1. Field of the Invention
The present invention is directed to a test device for testing the physical reactions of nuclear fuel pellets and the interaction of nuclear fuel pellets with nuclear fuel rod cladding. More particularly, the present invention is directed to a test device which models the thermal conditions existing within an operating nuclear fuel reactor.
2. The Prior Art
In commercial water-cooled nuclear reactors used for central station electric power production, the fuel is based on urania which is sheathed or clad with zirconium alloys such as Zircaloy. Experience in the nuclear industry with fuel rod of Zircaloy-clad urania has indicated several causes for fuel rod failure. Most of these causes have been corrected by improvements in fuel design specifications and improvements in the manufacturing processes. There persists one class of fuel rod failures which has yet to be eliminated and which appears to be of a fundamental nature. These failures are caused by the direct interaction between the irradiated urania fuel, including its inventory of fission products, and the Zircaloy fuel sheath, or cladding. This phenomenon has been called "fuel/cladding interaction" or fuel "pellet-cladding interaction" (PCI). The incidence of such failures is closely linked to the power history of the fuel rod and to the severity and duration of power changes. Pellet-cladding interaction fuel rod failures have occurred in both Boiling Water Reactors (BWR) and Pressurized Water Reactors (PWR) as well as in Canadian Deuterium Moderated Reactors (CANDU) and Steam Generating Heavy Water Reactors (SGHWR). To ameliorate this situation, reactor operational procedures have been established which minimize the incidence of fuel rod failures by PCI. While the operational procedures have been successful in reducing the incidence of fuel failures, the procedures are inconvenient to reactor operators and are costly in terms of reduced capacity factor for plant operation and thus in reduced electrical output. There is a strong incentive to provide a remedy that would eliminate the need for these operational procedures.
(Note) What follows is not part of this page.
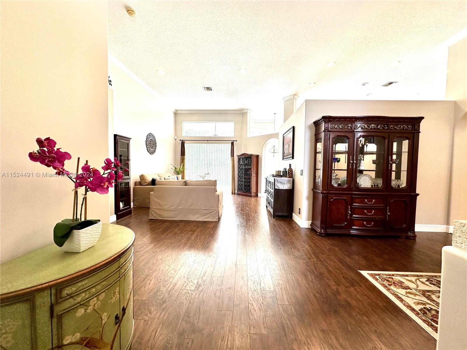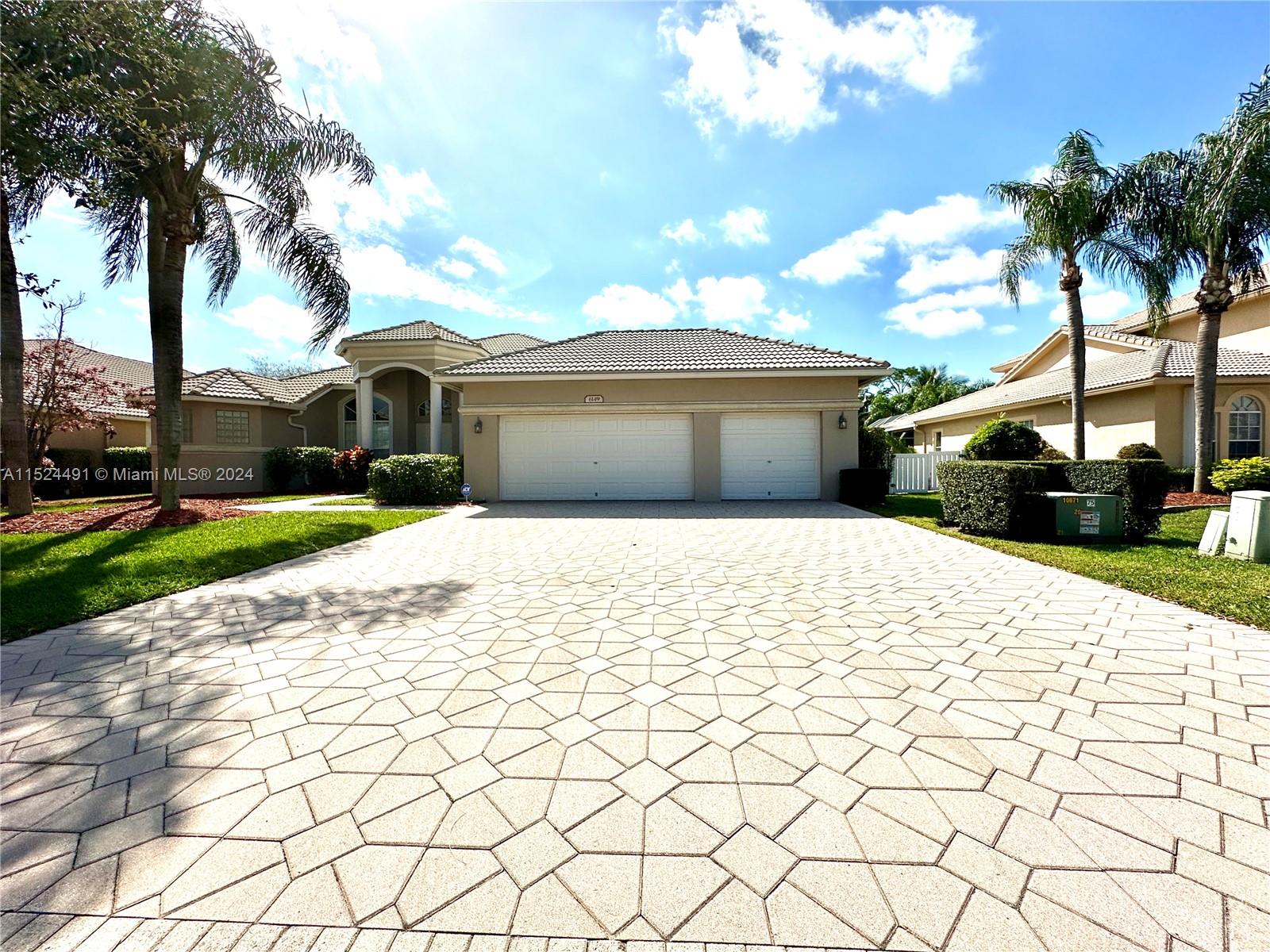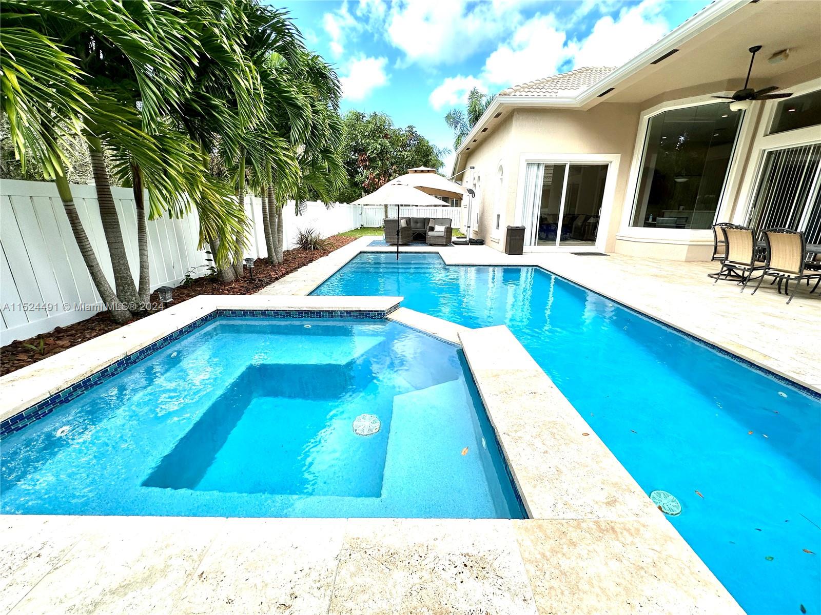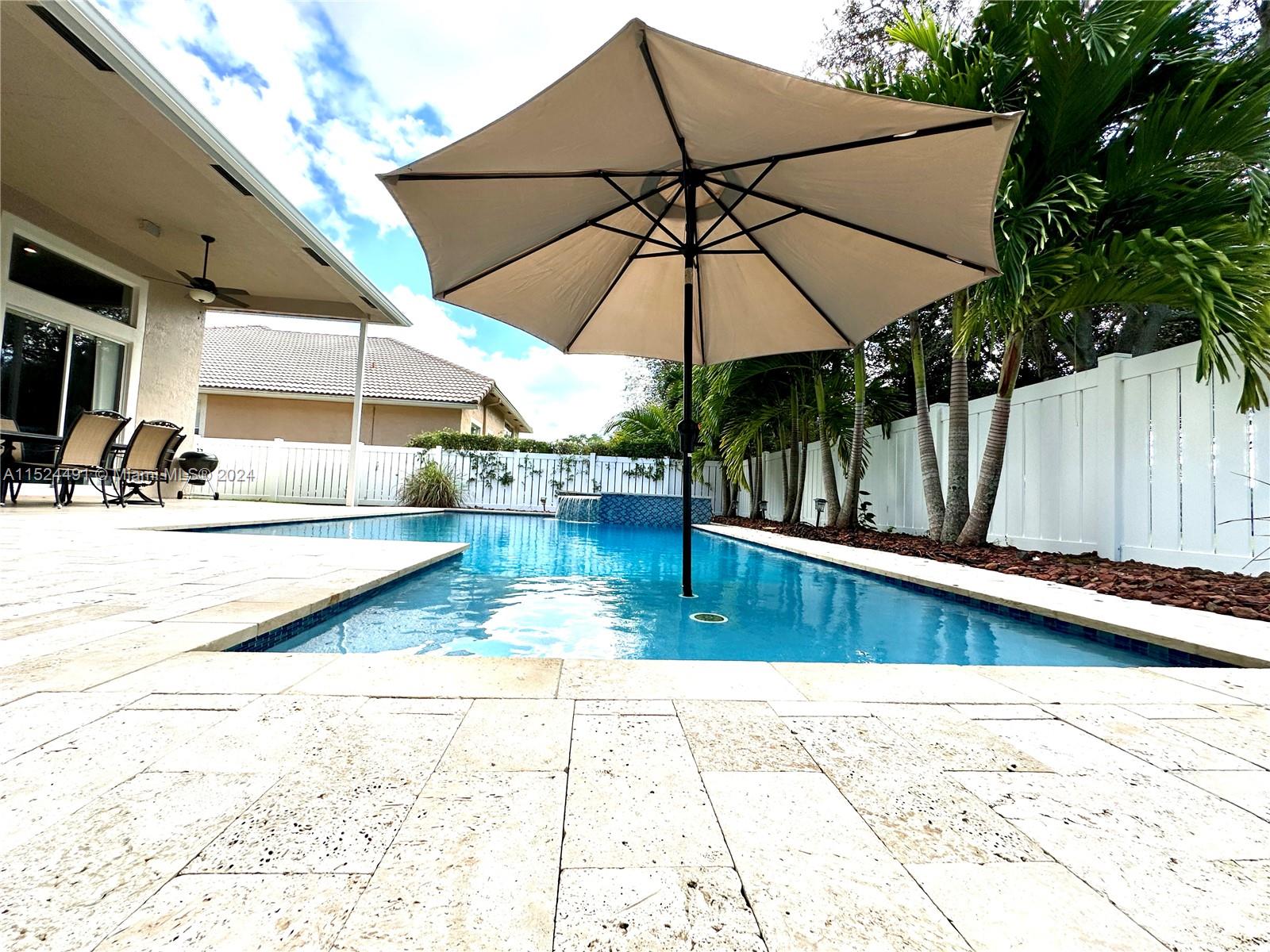 This is the one! This house is all about the lifestyle at Grand Reserve/Chateau. 24 hour manned guard gate. Stunning newer heated salt-water pool and spa, fencing and professional landscaping. HUGE LOT 10,202SF. Grand Reserve/Chateau-biggest lot sizes. Unique-private gate access to the park, walk your kids to school & save 2 hours from car line! This home has a triple-split floorplan, ideal multi-generational with 5 bedrooms, 3 bathrooms, 3 car garage with room for 6 cars in the driveway! Upgraded travertine and wood floors throughout the house, neutral paint colors, high ceilings, huge master bathroom & bedroom suite with slider out to back patio/pool! Huge open kitchen/family room for entertaining, center island, counter bar, stainless steel appliances. RECENT PRICE ADJ, BEAT THE RUSH

As part of this remedy, it is desirable therefore to test nuclear fuel pellets and the interaction of nuclear fuel pellets with the fuel rod cladding to improve the performance of the fuel, increase the life of the fuel rod, to determine the effects of severe temperature transients on fuel pellets and cladding and so forth. Many such tests cannot be desirably conducted in an operating reactor because variables cannot be satisfactorily controlled, test conditions are too severe, or adequate instrumentation cannot survive. Therefore, it is desirable to have a test device that can model conditions in the core of an operating nuclear reactor.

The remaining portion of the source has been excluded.